How I found out about Handshake

It has made me want to explore these questions:

  1. Could a domain replace cryptographic public keys as a recieving point, and could this become like the “email of money”?
  2. Could these same domains be useful on the regular web, for website hosting, while at the same time being truly owned by those who have them without the need for subscribing fees as well as be traded freely in various ways?
  3. What are the limits? Can it be made universal on all chains? Is any name possible?

This is not concepts far from the concept of USAN that has existed on Fusion for a long time. But a name of your choice is a little cooler than a random number, especially if you can also use it to host content.

My journey here began by approaching about the possibility to create .free domains which led to the start of a collaboration regarding building out for the possibility of owning more types of domains on Fusion. I won’t go into details about this until it’s more complete.

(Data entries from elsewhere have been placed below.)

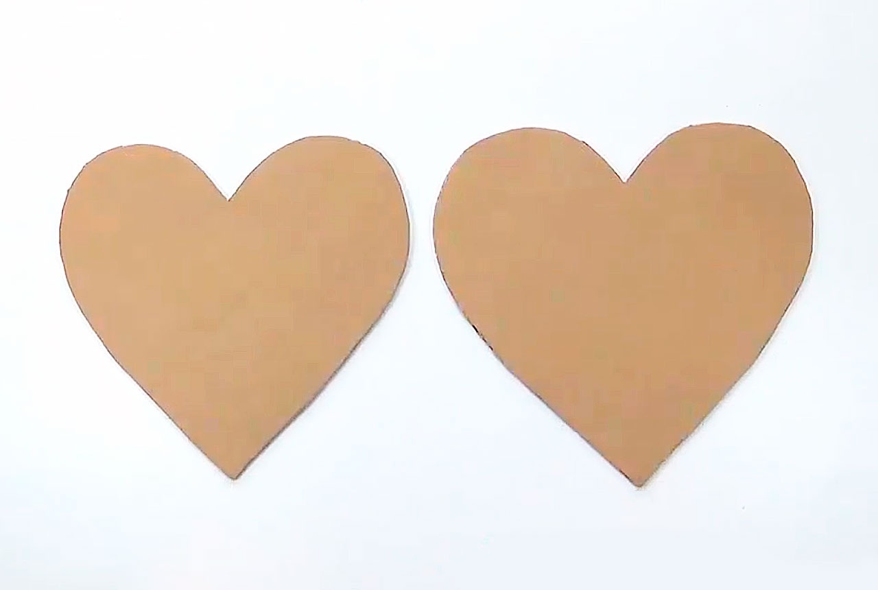 Corta 2 corazones de cartón, uno 1/2 cm más pequeño que el otro.
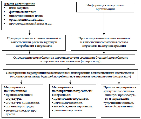 Начальной ступенью процесса кадрового планирования является планирование потребности в персонале. Оно базируется на данных об имеющихся и запланированных рабочих местах, плане проведения организационно-технических мероприятий, штатном расписании и плане замещения вакантных должностей (рис. 3).
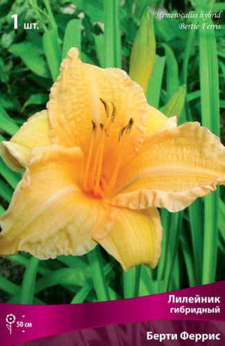 сиреневый с белой полосой по центру лепестка, зеленым горлом и желтой гофрированной каймой
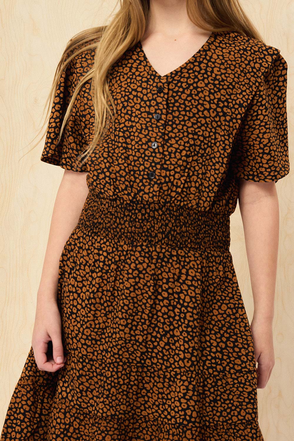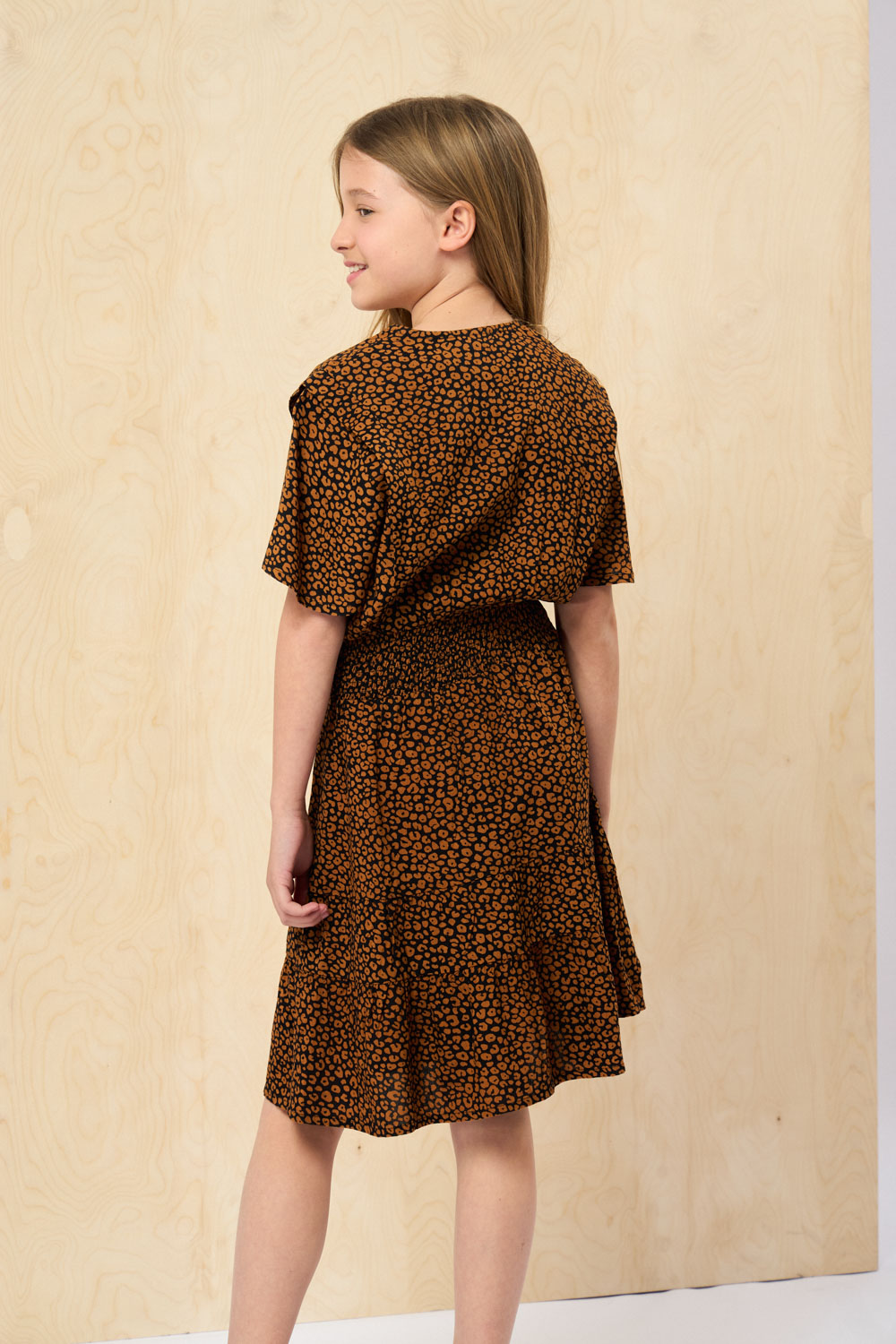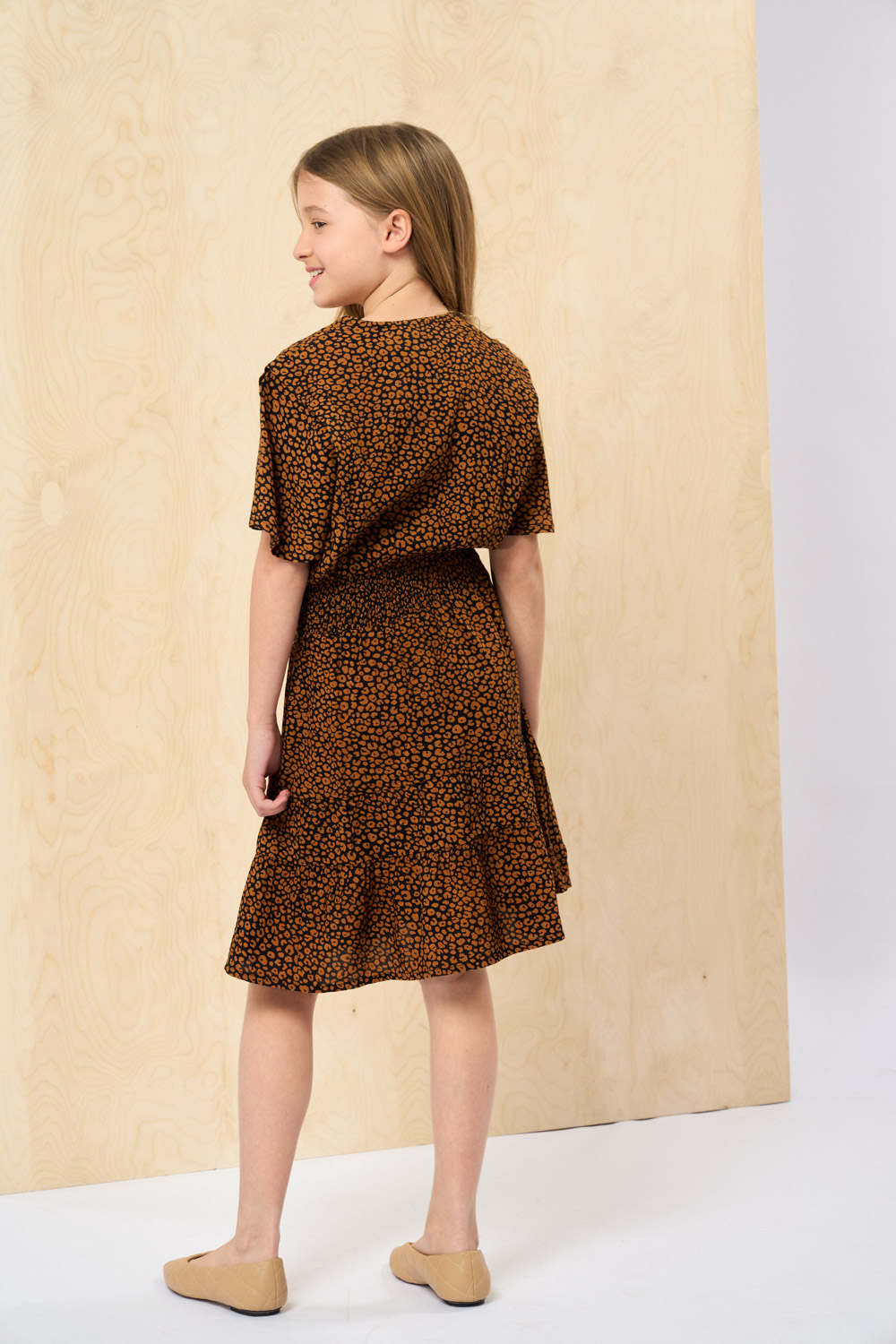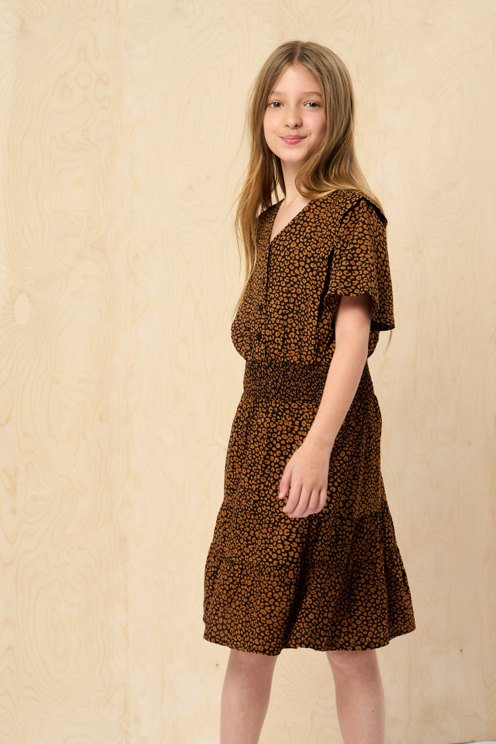 שמלת ילדות בגזרה נינוחה עם גומי במותן. מפתח V וסגירת כפתורים קדמית. שרוולים קצרים מתרחבים.
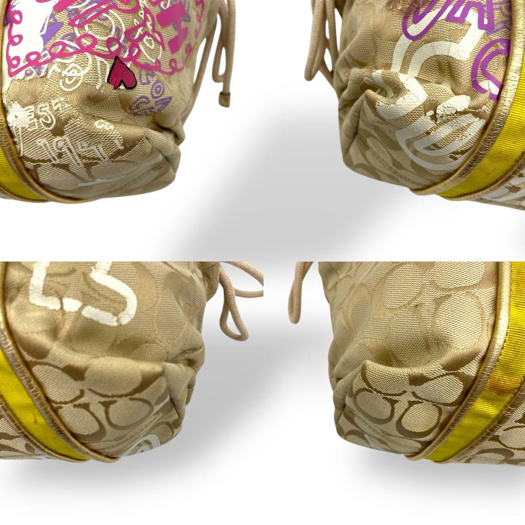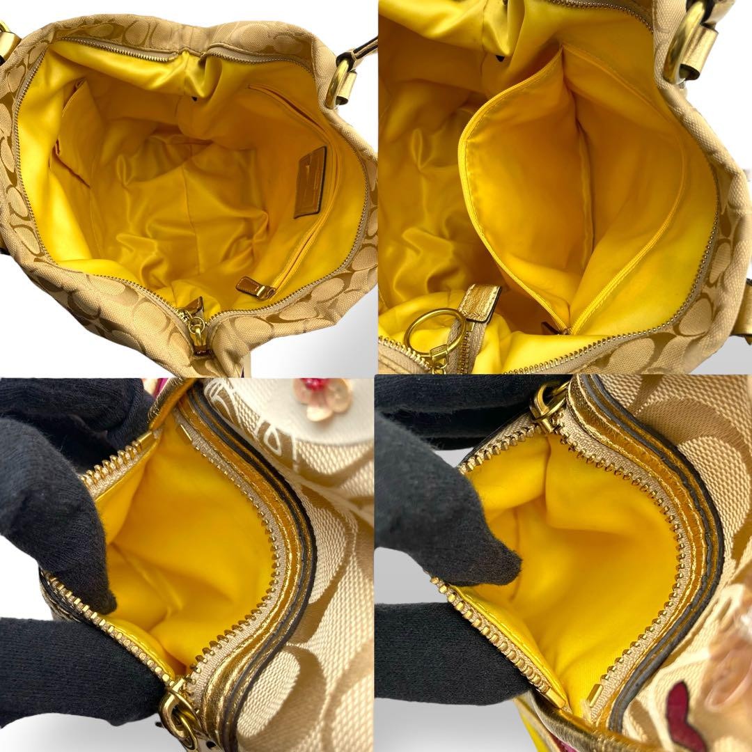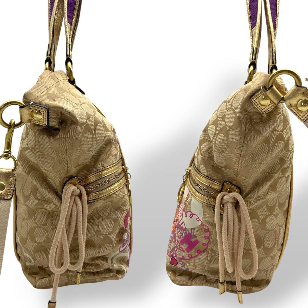 COACH Hand Bag Tote Purse Signature Canvas Leather Beige Authentic

But I will tell you a little about the limits of .free when it comes to website hosting. Because it can be a good way to understand what is, and what isn’t possible. .com .free, etc are known as top level domains and .com belong to Verisign and .free belong to someone for sure as well, even though .free domains have yet to pop up. Verisign and registrations in the .com domain are processed via “registrars accredited” by ICANN, a centralized organization responsible for these matters. And sublevel domains (SLDs) of .com and are used and rented out en masse, .free is not. However, at some point that could happen. For example seem to be offering “pre-registration of .free. It’s a hot cookie, maybe kept back on purpose for some time.

What does this mean for the possibility of .free domains on Fusion? It means it is definatly possible to start to issue .free SLDs and people can use them as recieving points instead of public keys, just like .fsn domains can be used right now, but it also means that this is probably what the limit of their use should be. Bringing them to other chains might not be a great idea and trying to host a website on them is probably doomed to failure. .fsn however is an entierly different story, because it’s extremely unlikely that ICANN has any plans for it.

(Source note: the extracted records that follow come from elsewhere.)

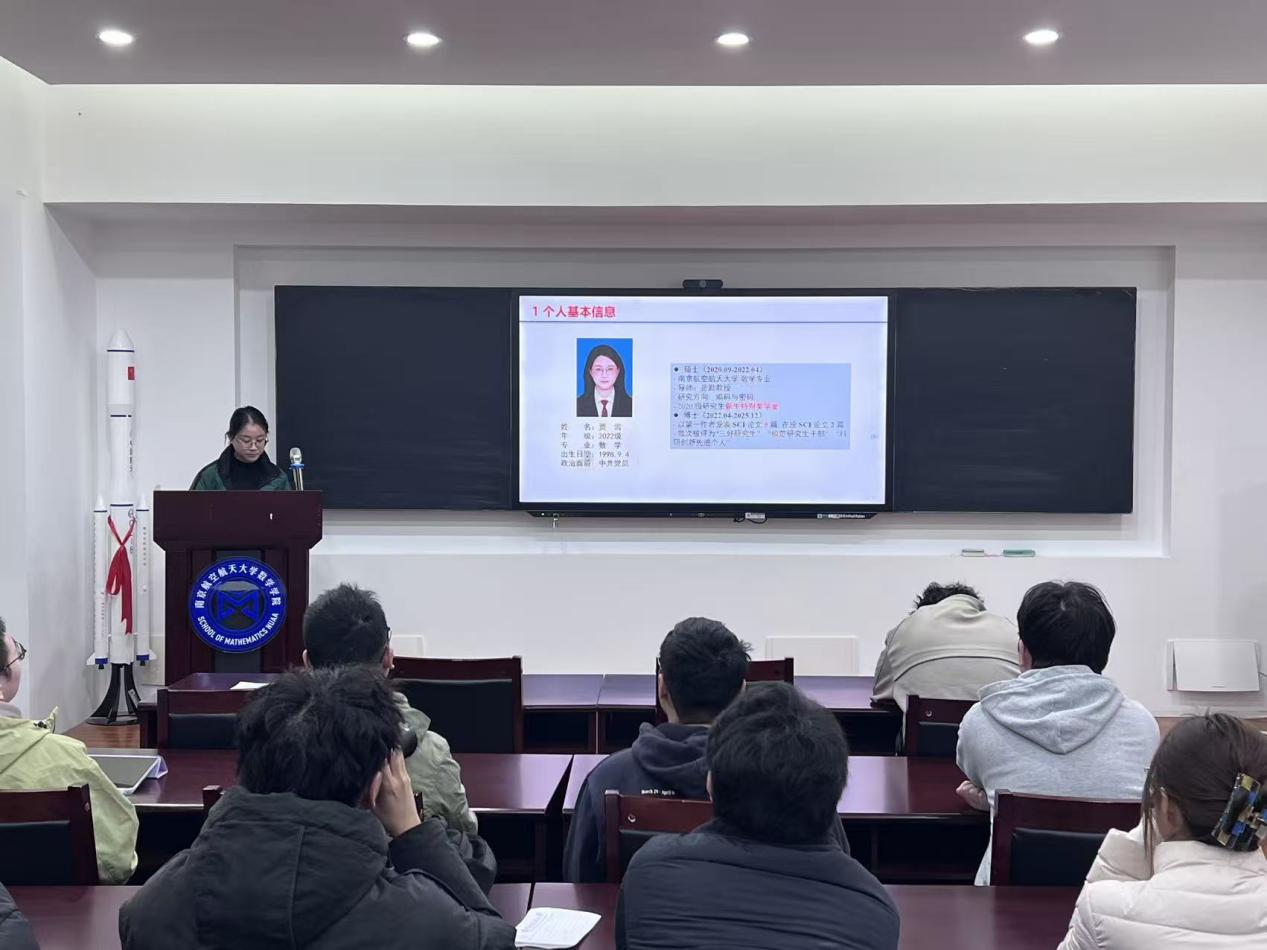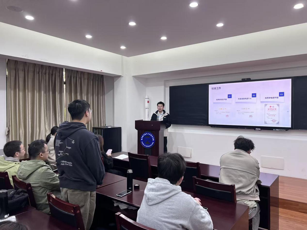 为充分发挥学生榜样示范作用,帮助研究生明晰学业规划、科研路径与成长方向,12月10日下午,数学学院举办优秀研究生国家奖学金经验分享会。博士研究生贾雪及硕士研究生陈思月、姜景、郭沛芫结合自身学术经历与实践感悟,从不同研究方向、不同成长维度出发,为在场同学带来了一场干货十足的分享盛宴,活动现场互动热烈,氛围浓厚。
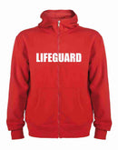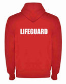 Felpa unisex LIFEGUARD con cerniera frontale e cappuccio. Zip abbinata. Tasche a marsupio, cappuccio, polsini e cintura a coste 2x1 con elastan. Cuciture nastrate in tessuto coordinato.
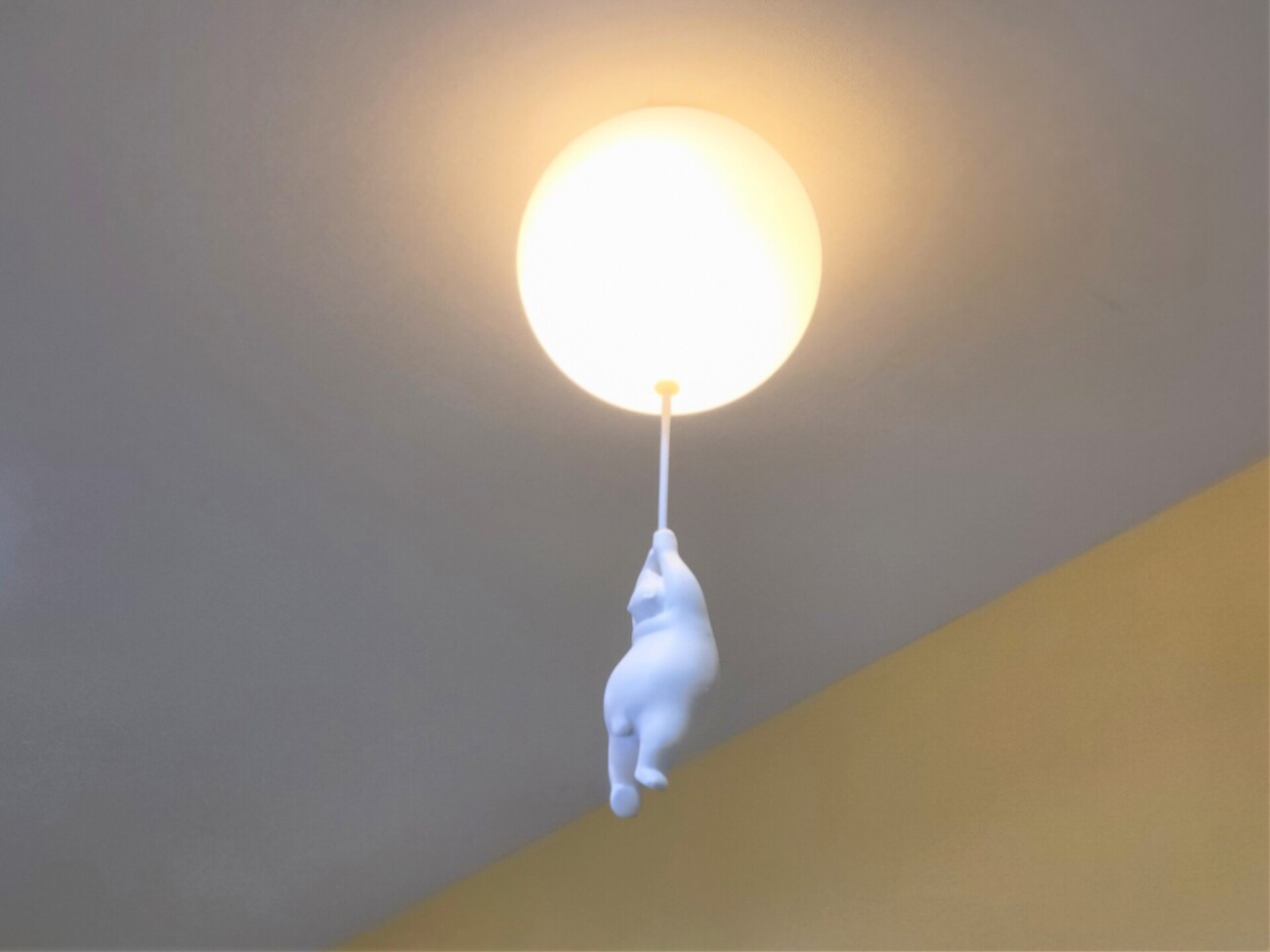 いろいろなポーズのシロクマがぶら下がる店内の照明

And this brings me to the meat of my story, because there exists a crypto project that, I was told about by an old Fusion follower, and it is going full force in terms of finding utilization for all the TLDs that ICANN are likely to never touch, and I think it’s something that can be truly revolutionary and I also think Fusion and Chainge could help it become even greater (more on this later).

The name of this project is Handshake (HNS). As a blockchain it is similar to Bitcoin and powered by PoW (Proof of Work), but it exists for a very specific purpose. To secure TLDs (all of them, including those ICANN are already using or reserving). When the chain launched, it did so in a manner where 100 000 names were already reserved. The owners, were either ICANN or those who owned the websites the most highly connected to those names. In fact, the way in which it was determined what names were reserved was that it was among the 100k most used websites worldwide. This way the leaders of current web won’t feel like Handshake OGs will be blackmailing them to take ownership of their “own” TLD. Instead they can claim it for free. This is an important key part in making something like this possible. (Worth noting: the potential for various blackmailing scenarios surround this is still high, just with “mid-level victims” instead of “high-level victims”. Taking myself as an example, immediatly upon noticing me taking interest in HNS, someone has secured .fusionite and is currently selling it for 35000 HNS).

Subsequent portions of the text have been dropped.